Listed records below:

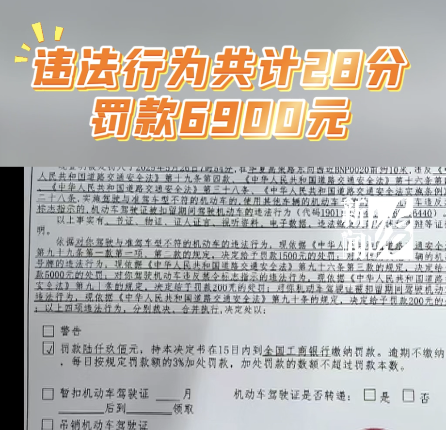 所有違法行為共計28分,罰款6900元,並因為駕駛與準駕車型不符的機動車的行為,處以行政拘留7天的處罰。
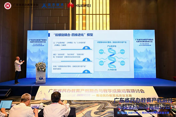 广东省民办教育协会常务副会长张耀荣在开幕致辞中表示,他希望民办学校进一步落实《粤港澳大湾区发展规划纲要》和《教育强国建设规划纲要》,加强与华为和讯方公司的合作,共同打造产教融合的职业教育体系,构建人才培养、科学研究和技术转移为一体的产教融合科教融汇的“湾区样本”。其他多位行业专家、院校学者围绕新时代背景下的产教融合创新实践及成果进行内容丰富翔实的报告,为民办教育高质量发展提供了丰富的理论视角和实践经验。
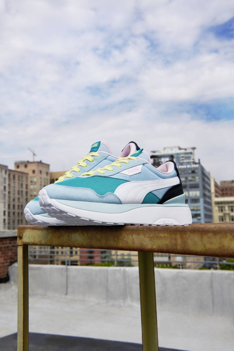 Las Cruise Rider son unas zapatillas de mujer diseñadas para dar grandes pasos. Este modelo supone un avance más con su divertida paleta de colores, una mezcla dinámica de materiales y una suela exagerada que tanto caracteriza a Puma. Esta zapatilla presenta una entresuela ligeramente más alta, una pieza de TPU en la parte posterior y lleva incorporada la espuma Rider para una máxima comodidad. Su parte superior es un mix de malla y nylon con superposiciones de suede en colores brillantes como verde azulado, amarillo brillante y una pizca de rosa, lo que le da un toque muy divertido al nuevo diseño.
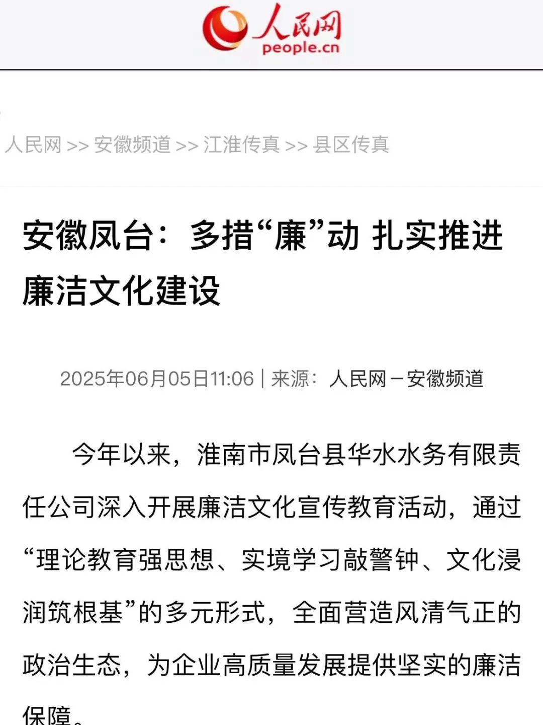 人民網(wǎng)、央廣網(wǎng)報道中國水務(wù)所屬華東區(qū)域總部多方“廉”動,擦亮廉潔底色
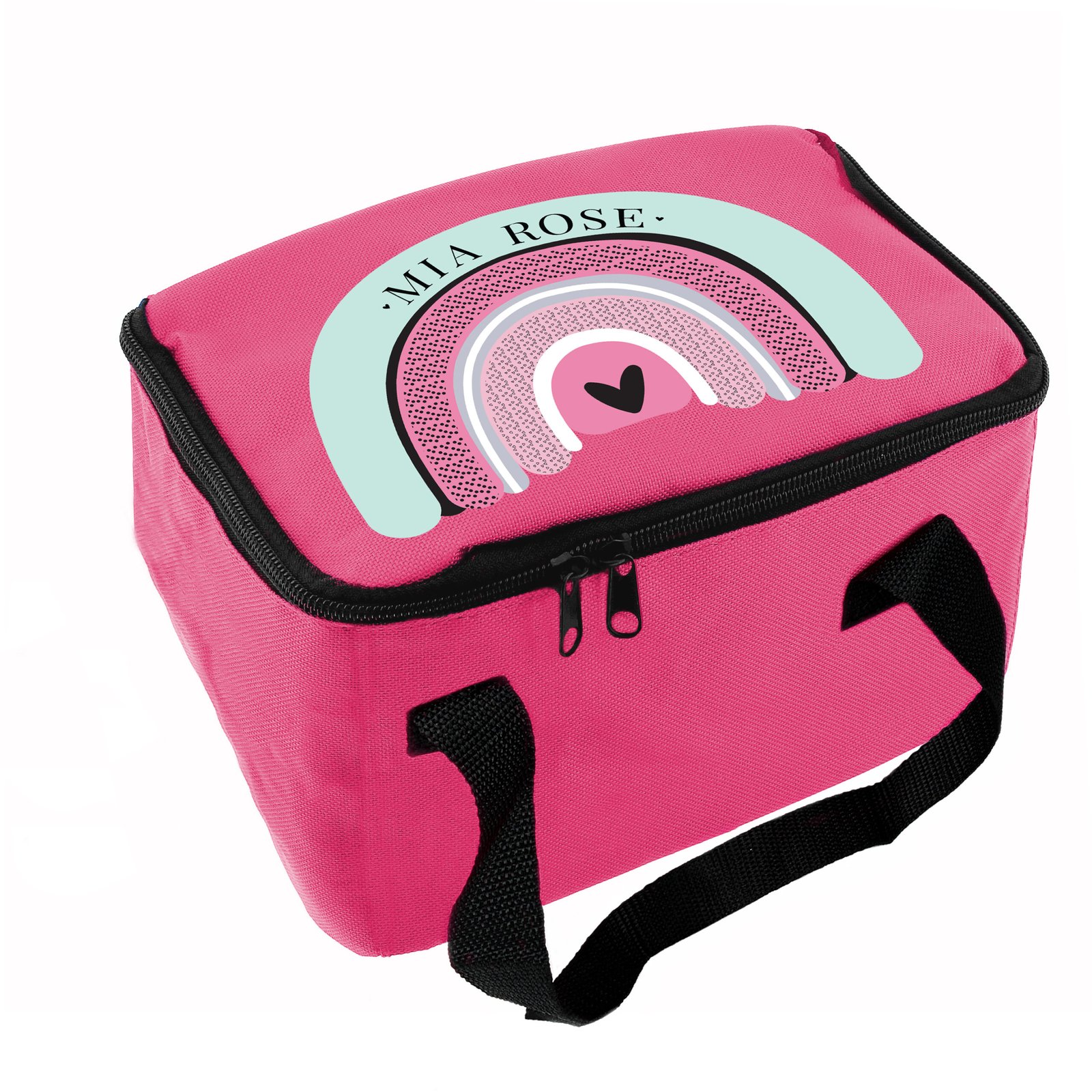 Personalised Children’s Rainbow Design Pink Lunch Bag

End of Listed records.

*Aim of the exercise*
Only the lines from the one with "人民網(wǎng)、央廣網(wǎng)報" to the last line of the listing, inclusive, are to be set down, exactly as they stand and without pictures.

*Written solution*
 人民網(wǎng)、央廣網(wǎng)報道中國水務(wù)所屬華東區(qū)域總部多方“廉”動,擦亮廉潔底色
 Personalised Children’s Rainbow Design Pink Lunch Bag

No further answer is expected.